Back to: MICROBIOLOGY 500 LEVEL
Welcome to class!
My intelligent microbiologist-in-training, I’m so glad to see you in class today! You’re doing an amazing job so far, and today we’re learning about something that’s not just shaping science in Nigeria but across the world—CRISPR. This isn’t just any science term; it’s one of the biggest scientific breakthroughs of our generation. And guess what? It all started with a humble bacteria trying to protect itself—imagine that!
Let’s understand the History and Mechanism of CRISPR, using simple examples and relatable ideas, just like we always do.
History And Mechanism Of Crispr
History of CRISPR
CRISPR stands for Clustered Regularly Interspaced Short Palindromic Repeats. Sounds complex, right? But don’t worry, we’ll keep it human.
Back in the 1980s, scientists studying bacteria noticed some strange repeated patterns in their DNA. These patterns didn’t make much sense at first, so they were quietly documented and not really understood.
Fast forward to the early 2000s, scientists discovered something amazing: these repeated DNA sequences were part of a defence system. Bacteria were using them to defend themselves against viruses—yes, even bacteria can catch viruses!
This discovery led to one of the most powerful gene-editing tools ever created. In 2012, researchers Jennifer Doudna and Emmanuelle Charpentier developed a way to use the CRISPR system to cut and edit DNA precisely—like a pair of molecular scissors. Their work won the Nobel Prize in Chemistry in 2020.
So, what started in bacteria is now used in treating diseases, modifying crops, and even fighting sickle cell anaemia!
Mechanism of CRISPR
Let’s explain CRISPR using a real-life story. Imagine a school in Abuja where students have notebooks. Sometimes, bullies (viruses) sneak in and scribble bad things in their books. So, the students start copying the names of these bullies and keeping the records in a “watchlist” notebook. If the bully ever returns, the student quickly recognises the name and crosses it out with a red pen. That’s how CRISPR works in bacteria!
Here’s a breakdown of the mechanism:
Invasion – A virus attacks a bacterium and injects its DNA.
Capture – The bacterium cuts out a piece of the viral DNA and stores it in its own genome, like a memory.
Guide RNA creation – When the virus comes back, the bacterium makes an RNA copy of the stored DNA (called guide RNA).
Cas9 Activation – The RNA teams up with a protein called Cas9, which acts like scissors.
Attack and destroy – The guide RNA leads Cas9 to the matching viral DNA, and Cas9 cuts it up—destroying the threat.
Now, scientists use this same system to edit any DNA they want: in humans, animals, plants—you name it.
Applications in Real Life
In Nigeria, researchers can use CRISPR to study genes in crops like cassava or yam and improve their resistance to disease or drought.
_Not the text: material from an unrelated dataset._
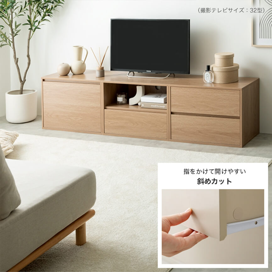 取っ手や余計な装飾を省いた直線的なノイズレスデザインは、幅広いテイストのお部屋に溶け込み、すっきりした印象を与えます。また、引き出しの前面は内側に斜めカットを施すことで、指を引っかけて簡単に開閉できる構造に。デザインをシンプルに仕上げつつ使用感にもこだわりました。

It’s also being tested for treating genetic conditions like sickle cell anaemia, which affects many Nigerians.
Summary
- CRISPR began as a natural defence system in bacteria to fight off viruses.
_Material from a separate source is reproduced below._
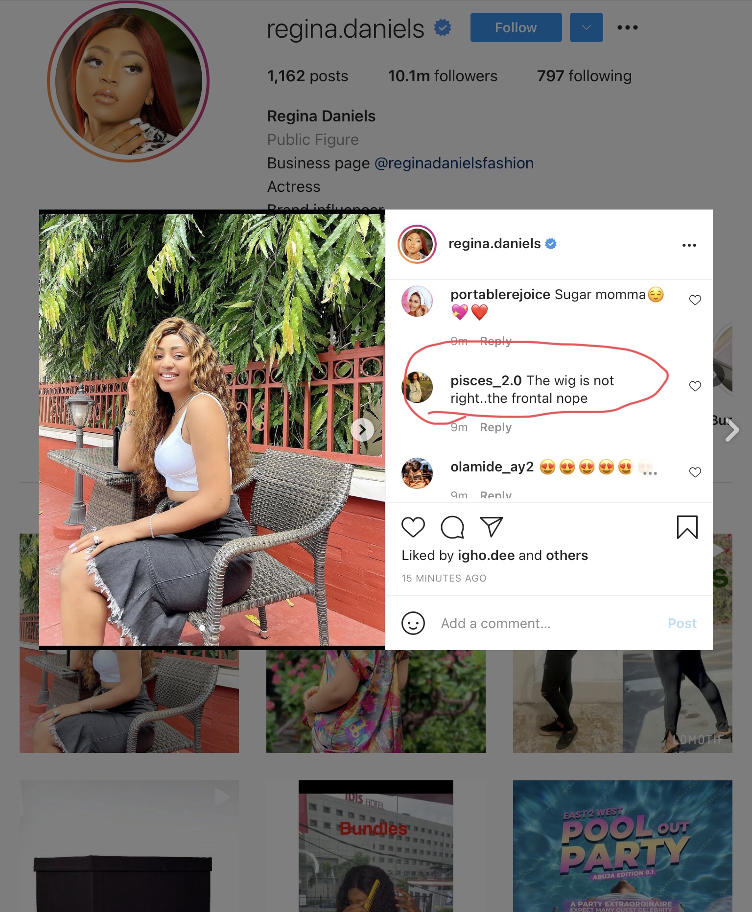 Regina Daniels added to the photo, “find something about yourself that you love on it every day, ”. @Pisces_2.0 wrote under the comment “the wig is not right…the frontal nope.”

- Scientists adapted this system to create a powerful gene-editing tool using guide RNA and Cas9 protein.
- CRISPR allows precise cutting and editing of DNA and is now used in medicine, agriculture, and research worldwide.
Evaluation
- What does CRISPR stand for?
- Briefly describe how bacteria use CRISPR to defend against viruses.
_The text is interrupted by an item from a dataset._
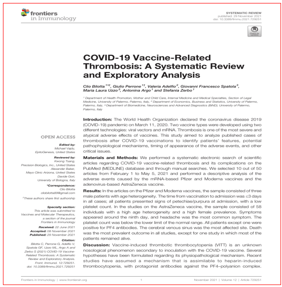 1 – Bilotta, C.; Perrone, G.; Adelfio, V.; Spatola, G.F.; Uzzo, M.L.; Argo, A.; Zerbo, S. COVID-19 Vaccine-Related Thrombosis: A Systematic Review and Exploratory Analysis. Front Immunol 2021, 12, 729251. (FICHEIRO 28)

- Mention one application of CRISPR that is relevant to Nigeria.
You’ve just unlocked one of the most revolutionary discoveries in modern science—and you understood it in a way that connects to your own world. Remember, the future of CRISPR in Nigeria depends on bright learners like you. Keep your mind open, your heart curious, and your spirit unstoppable. You’re doing great things already—see you in the next exciting Afrilearn class!